Володя взглянул на высоченную фигуру отца, на его длинные, с мясистыми ладонями руки, на сапожищи сорок пятого размера и поверил: если кто-то попадется отцу, то действительно не вырвется.

– В погреб посадим, когда поймаем, – сказал Володя. – Воды за воротник нальем.

– В погреб, воды за воротник? Я тебя этому учил?

– И еще нос расквасить…

– Не имеем права.

– У него все права, а у нас никаких?

– Это у нас все права, а у того, кто ходит, нет никаких прав: попадется – там его права и кончатся! А пока некого наказывать и не за что.

– Ходит же.

– Мы не знаем, кто ходит и зачем? А вдруг это четыре разных случая?

Александра Васильевна шла с подойником и, пока не поднялась на террасу и не закрыла за собой двери, все оглядывалась на Петра Ивановича и Володю, о чем-то говоривших и только что замолчавших. Они стояли в разных позах, каждый в отдельности, каждый сам по себе: Володя стоял вплотную к пряслу и смотрел на огород, а Петр Иванович стоял боком к Володе и в упор смотрел на штабель, как будто хотел разобрать его и посмотреть, а что там – на дне.

Она затопила плиту, выглянула в окно, увидела мужиков все так же стоявших по одному – один у прясла, другой – у штабеля.

Когда вовсю повалил дым из трубы, Петр Иванович сказал Володе, что на сегодня разговор окончен. Он попросил Володю принести ключ от школы и вышел на улицу. Пастухи гнали коров за мост. Около школы он подождал, когда Дементий с Яковом прогонят коров в проулок.

– Дементий Корнилович, задержись-ка на минутку.

Дементий слез с коня, выжидательно посмотрел на учителя, зная, что просто так, по пустяку, учитель не остановит.

– Помнишь, Дементий Корнилович, ты рассказывал про какого-то мужика с Исаковки? Спрашивал, где я живу?

– Как не помнить, в двух шагах от себя видел. Так же, как тебя!

– Ты его больше не встречал?

– Нет.

– Не тот ли это мужик…

– Так, так? – заинтересовался Дементий и от любопытства и нетерпения переступил с ноги на ногу и застыл в позе, в которой он любил стоять, – одна нога чуть-чуть согнута, и от этого одно плечо ниже другого.

Петр Иванович медлил, будто решал, говорить или не говорить Дементию, и наконец сказал:

– Ночью кто-то около дома ходит: то сам покажется, то след оставит. Кто бы это мог быть, как ты думаешь?

– Какой он из себя, не видел?

– Ночью я и не рассмотрел. – Петр Иванович перевел взгляд с Дементия на школьные окна, вымытые вчера и начинавшие блестеть все сильнее, – всходило солнце.
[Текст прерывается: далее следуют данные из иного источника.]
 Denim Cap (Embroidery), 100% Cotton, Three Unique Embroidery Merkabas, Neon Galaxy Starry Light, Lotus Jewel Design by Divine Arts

– Что-нибудь взято? – спросил Дементий.

– В том-то и дело, что нет.

Дементий расхохотался:

– Чего же тогда ходить?!

Рыжий конь, до этого смирно стоявший за спиной Дементия, резко мотнул головой, но Дементий успел поймать выскользнувший из рук повод. То, как Дементий поймал ременный повод почти у самой земли, заставило Петра Ивановича бросить быстрый взгляд на соседа и подумать: хоть сосед и начинает иногда жаловаться на ломоту в ногах и пояснице, но пока что он и ловок и здоров, как бык.
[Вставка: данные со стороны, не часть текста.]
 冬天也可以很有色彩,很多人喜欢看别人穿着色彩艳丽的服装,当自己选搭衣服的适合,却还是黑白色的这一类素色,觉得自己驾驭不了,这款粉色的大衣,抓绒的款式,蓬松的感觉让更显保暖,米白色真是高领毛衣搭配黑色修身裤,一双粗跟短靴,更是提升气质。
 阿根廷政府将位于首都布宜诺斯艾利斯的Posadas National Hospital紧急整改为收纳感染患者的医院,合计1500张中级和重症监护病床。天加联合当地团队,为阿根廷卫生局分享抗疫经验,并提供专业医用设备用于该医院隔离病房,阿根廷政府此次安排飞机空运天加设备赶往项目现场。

– Я, Петр Иванович, так думаю: кому-то делать нечего, вот он и ходит!

– Отпадает.

– Почему?

– Ну, сам посуди, – рассуждал Петр Иванович, – кому охота неизвестно зачем ходить ночью около чужого дома? А потом… это небезопасно.

– Для кого?

– Для того, кто ходит. Я ведь долго не буду смотреть, – пригрозил Петр Иванович, как будто тот, кому он говорил, мог слышать его.

– А что ты сделаешь?

– Застрелю, как собаку! – сказал Петр Иванович, хотя на самом деле ни в кого стрелять не собирался.

– Сколько раз был? – мрачновато спросил Дементий.

– Пять или шесть раз, – ответил Петр Иванович.

Кто-то появлялся около дома не пять или шесть раз, а четыре, но Петру Ивановичу, казалось, что он не прибавляет, что наверняка кто-то был не четыре раза, а больше.

Дементий согнал с лица недоверчивое выражение и крепко задумался. Потом спросил:

– Что думаешь делать?

– Пока ничего.

– Зря ты так, Петр Иванович.

– А что ты предлагаешь?

– В милицию надо заявить. Чего ждать?

– Успею.

– Кто его знает, – озабоченно сказал Дементий. – Медлительность в таком деле ни к чему.

Учитель и пастух пересекли дорогу, скрылись от посторонних глаз в проулке и возобновили разговор, когда прошли Нюрину баню. Дементий вел коня в поводе, слушал Петра Ивановича, изредка взглядывая на него, будто делая одолжение, и не задавал никаких вопросов, Спустились с горы по проулку, взошли на мост. Когда они стояли и говорили на углу около школы, там Дементий был не совсем в своей тарелке – Петр Иванович около школы был важней Дементия. Но зато здесь, за мостом, чем ближе лес, тем вольней чувствует себя Дементий! Они идут по стлани, учитель рассказывает и не поймет, слушает его Дементия или не слушает, – как будто занят какими-то своими лесными мыслями.

– Это он! – не глядя на Петра Ивановича, говорит Дементий. – Больше некому.

– Кто?

– Тот мужик, которого я видел. Мы вон там встретились, – кивком указал Дементий, – за вторым мостом. Гоним коров, из Тонкой падушки, выходит из сосняка. Как раз оттуда, где Торох деготь гнал!

Петр Иванович смотрит за второй мост, где у самой дороги, только свернешь с моста влево и зайдешь в лес, на маленьком склончике все еще валялись обломки желоба, поржавевшие обручи от дегтярных бочек и куски черной, обугленной бересты.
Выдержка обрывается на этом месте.